**Task item**
Once the pictures are removed, restate the listing word for word.
══════
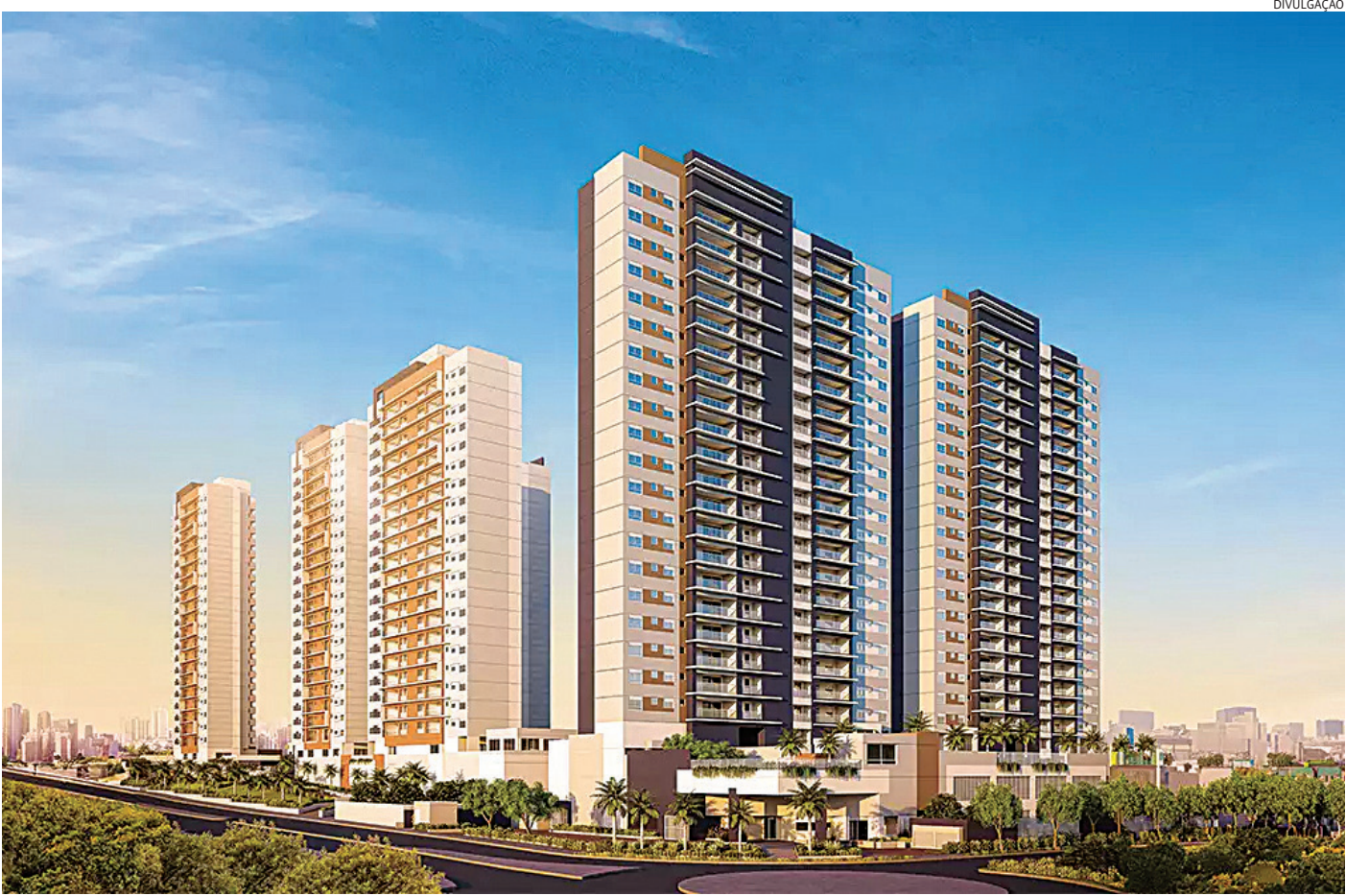
Os empreendimentos Epic Jundiaí e Mistral Jundiaí são dois projetos inovadores da Patriani, e prometem valorizar o bairro Jardim Botânico.

bém oferece uma infraestrutura completa de comércio e serviços, com opções modernas e convenientes para o dia a dia. Entre os destaques, estão:
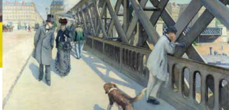
► Caillebotte, Le pont de l'Europe , 1876, Huile sur toile, 125 x 180 cm, Collection : Association des Amis du Petit Palais, Genève © Studio Monique Bernaz, Genève

► Théophile-Alexandre Steinlen, L'apothéose des chats à Montmartre , c. 1885, Huile sur toile, 164,5 x 300 cm Collection : Association des Amis du Petit Palais, Genève © Studio Monique Bernaz, Genève
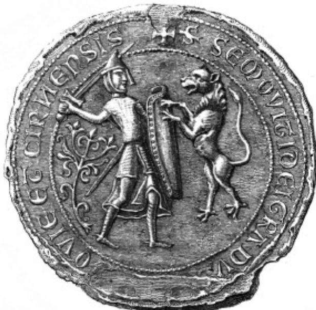
Печать мазовецкого князя Земовита I Конрадовича. 1262 г.

Вместе с тем, с 1230-х гг. продолжалось вторжение в Пруссию Тевтонского ордена. К исходу следующего де-
══════
**Task output**
Os empreendimentos Epic Jundiaí e Mistral Jundiaí são dois projetos inovadores da Patriani, e prometem valorizar o bairro Jardim Botânico.

bém oferece uma infraestrutura completa de comércio e serviços, com opções modernas e convenientes para o dia a dia. Entre os destaques, estão:
► Caillebotte, Le pont de l'Europe , 1876, Huile sur toile, 125 x 180 cm, Collection : Association des Amis du Petit Palais, Genève © Studio Monique Bernaz, Genève

► Théophile-Alexandre Steinlen, L'apothéose des chats à Montmartre , c. 1885, Huile sur toile, 164,5 x 300 cm Collection : Association des Amis du Petit Palais, Genève © Studio Monique Bernaz, Genève
Печать мазовецкого князя Земовита I Конрадовича. 1262 г.

Вместе с тем, с 1230-х гг. продолжалось вторжение в Пруссию Тевтонского ордена. К исходу следующего де-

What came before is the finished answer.